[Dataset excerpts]
____
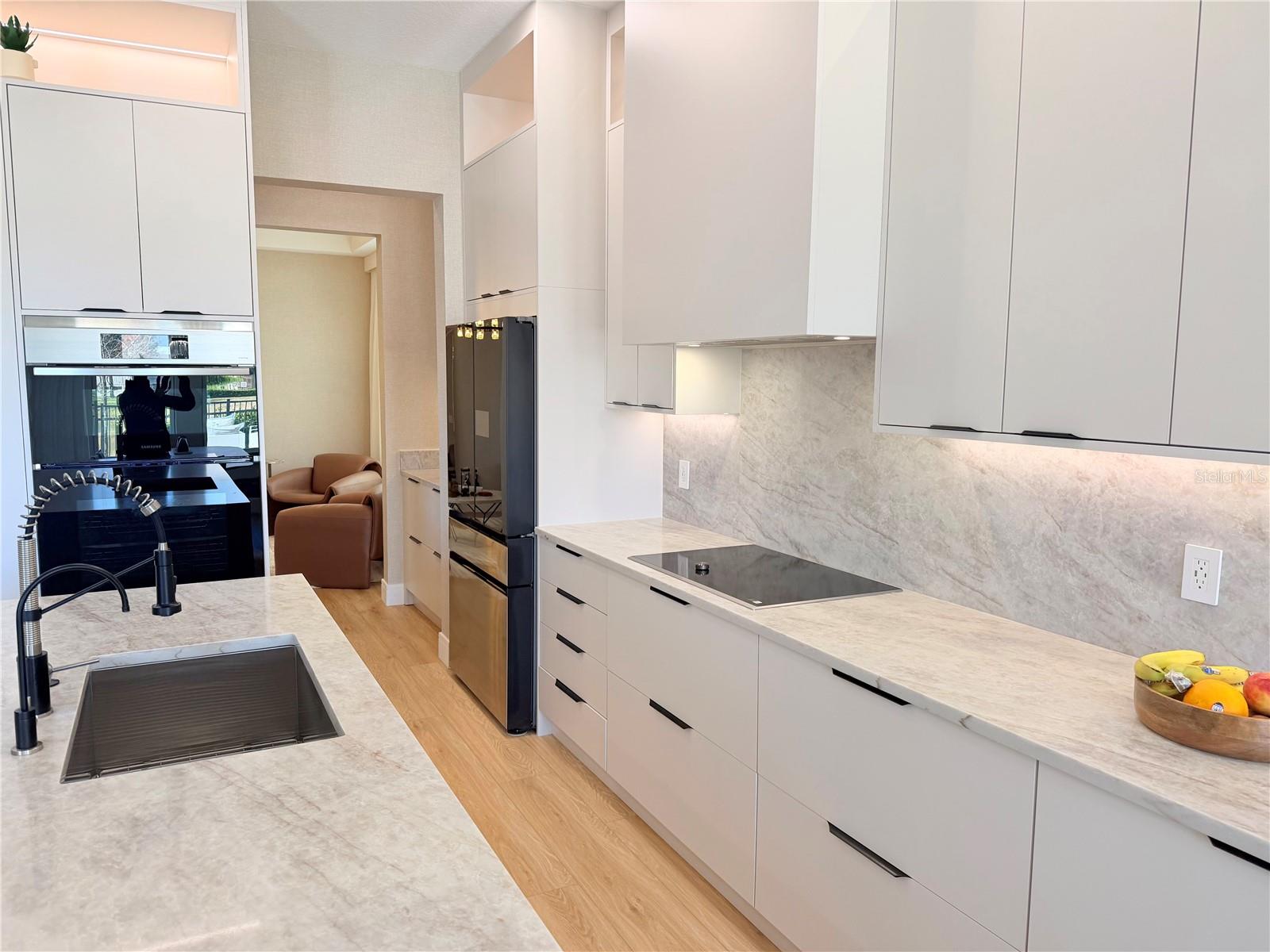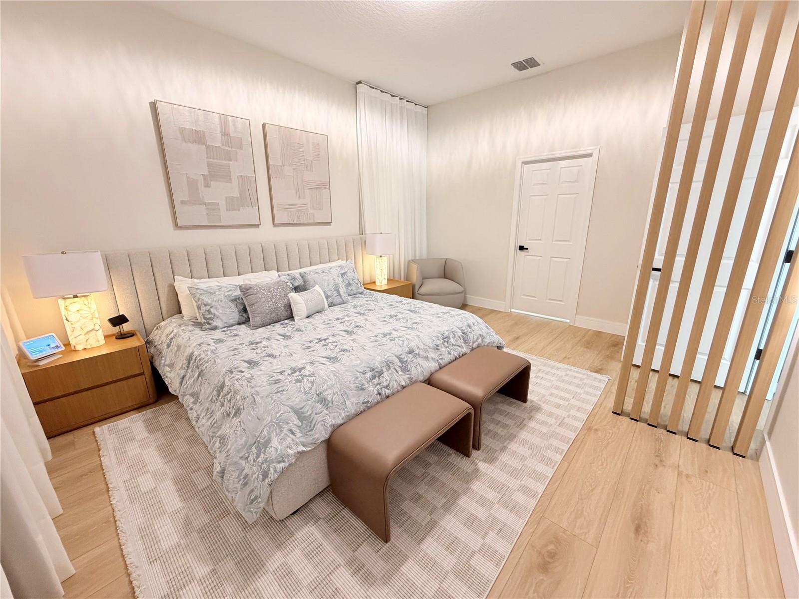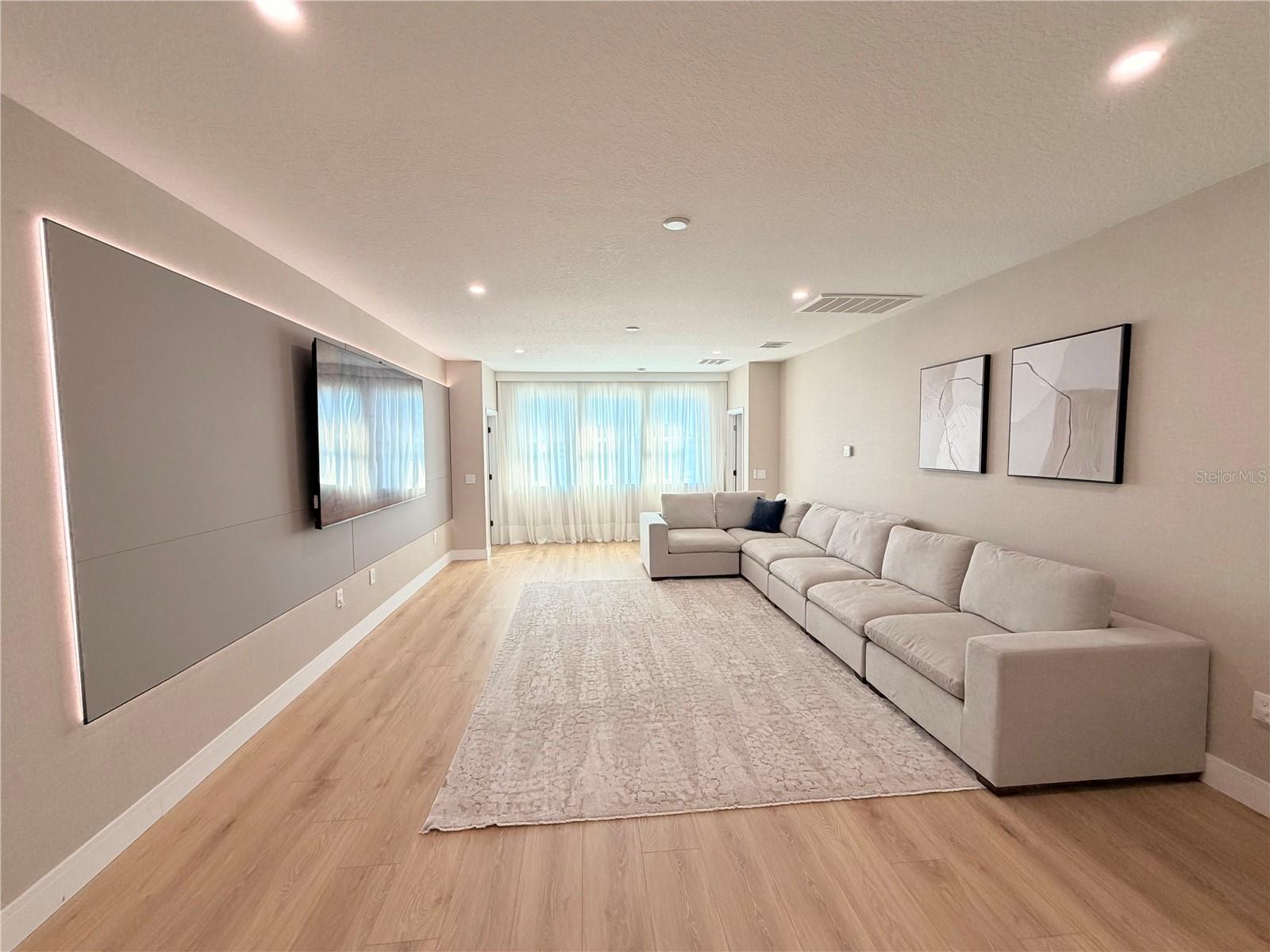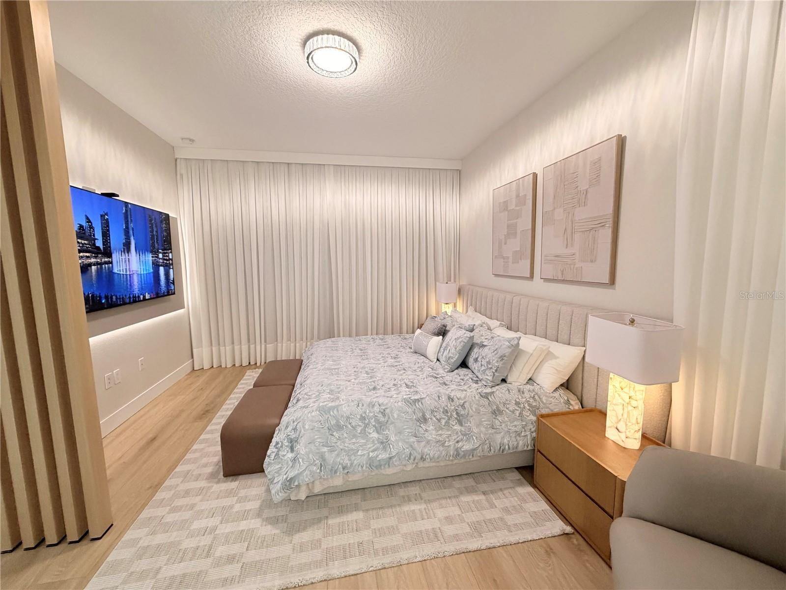 This exceptional residence offers a rare combination of contemporary design, smart technology, functionality, and lifestyle. Fully renovated and thoughtfully planned with meticulous attention to detail, the home showcases a high level of craftsmanship and a cohesive modern aesthetic throughout. Luxury vinyl flooring extends throughout the entire home, providing durability, comfort, and a refined contemporary look. Custom millwork is a defining feature of the property, present in the fully planned kitchen, custom bathroom vanities, TV feature wall, and architectural wood paneling that adds warmth, texture, and visual continuity across all living spaces. Imported Italian wallpaper enhances every room, elevating the interior with a sophisticated and curated finish. The gourmet kitchen is professionally designed with bespoke cabinetry, a spacious waterfall island, premium stone countertops and backsplash, and a complete Samsung appliance package, seamlessly blending performance, technology, and modern design. Custom window treatments are installed throughout the home and integrated with smart home automation, offering voice control via Alexa for effortless daily living. The functional and highly desirable layout features five bedrooms, with the primary suite conveniently located on the main level, providing privacy and ease of access. All bedrooms include custom-designed walk-in closets, fully built out with tailored cabinetry for optimal storage, organization, and functionality. Bathrooms offer a spa-inspired experience with custom millwork vanities, large-format tile, frameless glass showers, rainfall showerheads, body jets, and modern matte-black fixtures. A striking custom staircase serves as both a design statement and architectural feature, enhanced with motion-activated LED lighting that illuminates each step. The dramatic double-height entry is highlighted by a contemporary chandelier and glass railing, allowing natural light to flow seamlessly between levels and creating a strong first impression. Designed for entertaining and elevated living, the home includes a dedicated wine bar, complete with built-in wine storage, wall-mounted racks, custom cabinetry, and a temperature-controlled wine refrigerator perfect for hosting guests or enjoying intimate gatherings. The outdoor living area completes the lifestyle experience with a heated pool, clean architectural lines, and low-maintenance landscaping. A private patio features a custom mini putting green, offering a resort-style atmosphere ideal for relaxation and entertainment, complemented by tranquil water views. Located in the desirable Town of Windermere, the home is situated within one of Central Florida’s most sought-after communities, known for its scenic lakes, family-friendly environment, and convenient access to shopping, dining, and major roadways. The area is served by highly regarded public schools and is close to prestigious private institutions such as Windermere Preparatory School. This move-in-ready residence stands out for its design, quality, technology, and location—an exceptional opportunity for buyers seeking a refined and thoughtfully curated home.
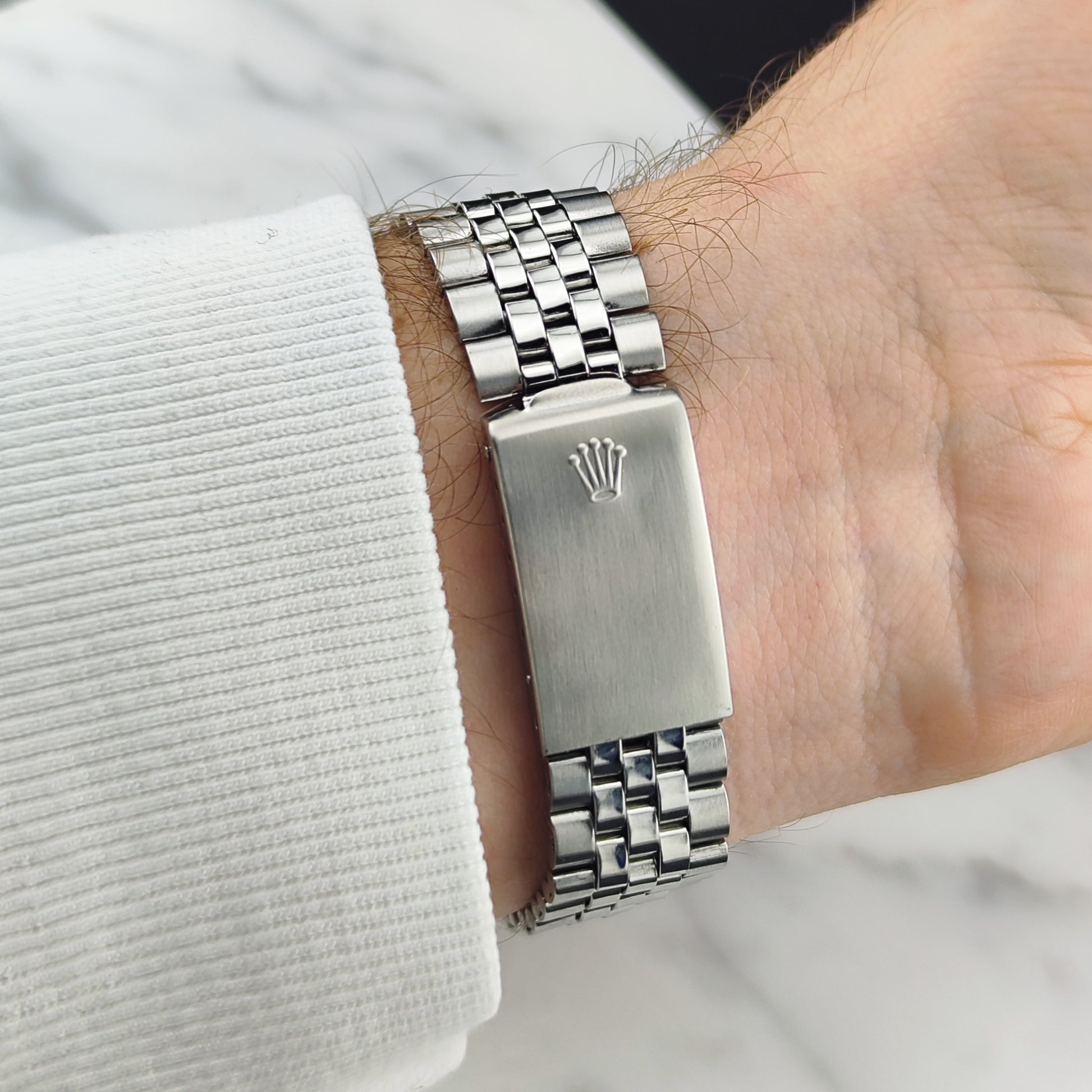 The Rolex Datejust 36 — a true classic. A new original Rolex bracelet has been fitted by us, featuring a beautiful stretch as shown in the pictures. The movement has been checked, and the timekeeping performance is excellent. A great option for entering the world of Rolex.
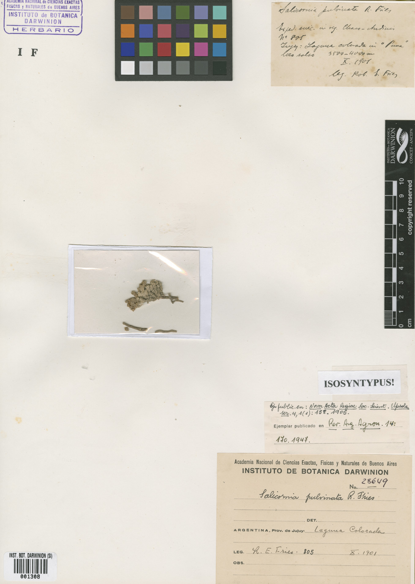 Material Tipo: Argentina. Jujuy. Dpto. Yavi. Laguna Colorada in "Puna", loco salso, 3500-4000 m, 20 Oct 1901, R. E. Fries 805 (lectotipo, SI 28649 [SI 001308], designado por Alonso & Crespo, Ann. Bot. Fennici 45: 252. 2008; isolectotipos, CORD 00002400, S-R-5540).
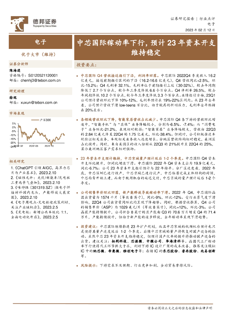 德邦证券:电子行业点评:中芯国际稼动率下行,预计23年资本开支维持稳定.pdf
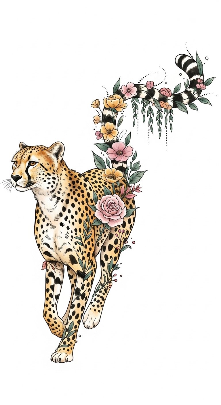 A graceful concept that merges fierceness and femininity: the cheetah’s motion suggests speed and determination while floral spots soften and personalize the image, evoking resilience blended with beauty.
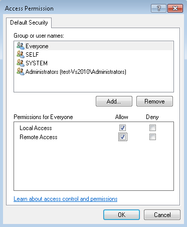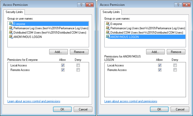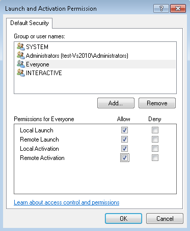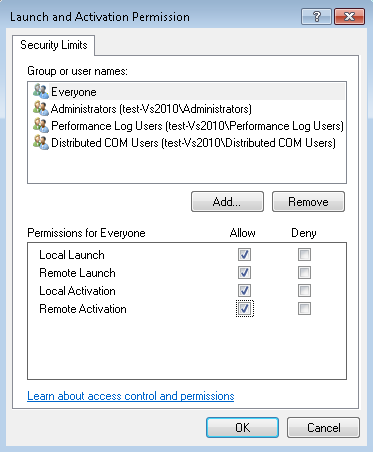 - In the Launch and Activation Permission dialog box, do the following:
____
Return the data exactly as it stands, minus the pictures.

> _Task output_
 This exceptional residence offers a rare combination of contemporary design, smart technology, functionality, and lifestyle. Fully renovated and thoughtfully planned with meticulous attention to detail, the home showcases a high level of craftsmanship and a cohesive modern aesthetic throughout. Luxury vinyl flooring extends throughout the entire home, providing durability, comfort, and a refined contemporary look. Custom millwork is a defining feature of the property, present in the fully planned kitchen, custom bathroom vanities, TV feature wall, and architectural wood paneling that adds warmth, texture, and visual continuity across all living spaces. Imported Italian wallpaper enhances every room, elevating the interior with a sophisticated and curated finish. The gourmet kitchen is professionally designed with bespoke cabinetry, a spacious waterfall island, premium stone countertops and backsplash, and a complete Samsung appliance package, seamlessly blending performance, technology, and modern design. Custom window treatments are installed throughout the home and integrated with smart home automation, offering voice control via Alexa for effortless daily living. The functional and highly desirable layout features five bedrooms, with the primary suite conveniently located on the main level, providing privacy and ease of access. All bedrooms include custom-designed walk-in closets, fully built out with tailored cabinetry for optimal storage, organization, and functionality. Bathrooms offer a spa-inspired experience with custom millwork vanities, large-format tile, frameless glass showers, rainfall showerheads, body jets, and modern matte-black fixtures. A striking custom staircase serves as both a design statement and architectural feature, enhanced with motion-activated LED lighting that illuminates each step. The dramatic double-height entry is highlighted by a contemporary chandelier and glass railing, allowing natural light to flow seamlessly between levels and creating a strong first impression. Designed for entertaining and elevated living, the home includes a dedicated wine bar, complete with built-in wine storage, wall-mounted racks, custom cabinetry, and a temperature-controlled wine refrigerator perfect for hosting guests or enjoying intimate gatherings. The outdoor living area completes the lifestyle experience with a heated pool, clean architectural lines, and low-maintenance landscaping. A private patio features a custom mini putting green, offering a resort-style atmosphere ideal for relaxation and entertainment, complemented by tranquil water views. Located in the desirable Town of Windermere, the home is situated within one of Central Florida’s most sought-after communities, known for its scenic lakes, family-friendly environment, and convenient access to shopping, dining, and major roadways. The area is served by highly regarded public schools and is close to prestigious private institutions such as Windermere Preparatory School. This move-in-ready residence stands out for its design, quality, technology, and location—an exceptional opportunity for buyers seeking a refined and thoughtfully curated home.
 The Rolex Datejust 36 — a true classic. A new original Rolex bracelet has been fitted by us, featuring a beautiful stretch as shown in the pictures. The movement has been checked, and the timekeeping performance is excellent. A great option for entering the world of Rolex.
 Material Tipo: Argentina. Jujuy. Dpto. Yavi. Laguna Colorada in "Puna", loco salso, 3500-4000 m, 20 Oct 1901, R. E. Fries 805 (lectotipo, SI 28649 [SI 001308], designado por Alonso & Crespo, Ann. Bot. Fennici 45: 252. 2008; isolectotipos, CORD 00002400, S-R-5540).
 德邦证券:电子行业点评:中芯国际稼动率下行,预计23年资本开支维持稳定.pdf
 A graceful concept that merges fierceness and femininity: the cheetah’s motion suggests speed and determination while floral spots soften and personalize the image, evoking resilience blended with beauty.
 - In the Launch and Activation Permission dialog box, do the following:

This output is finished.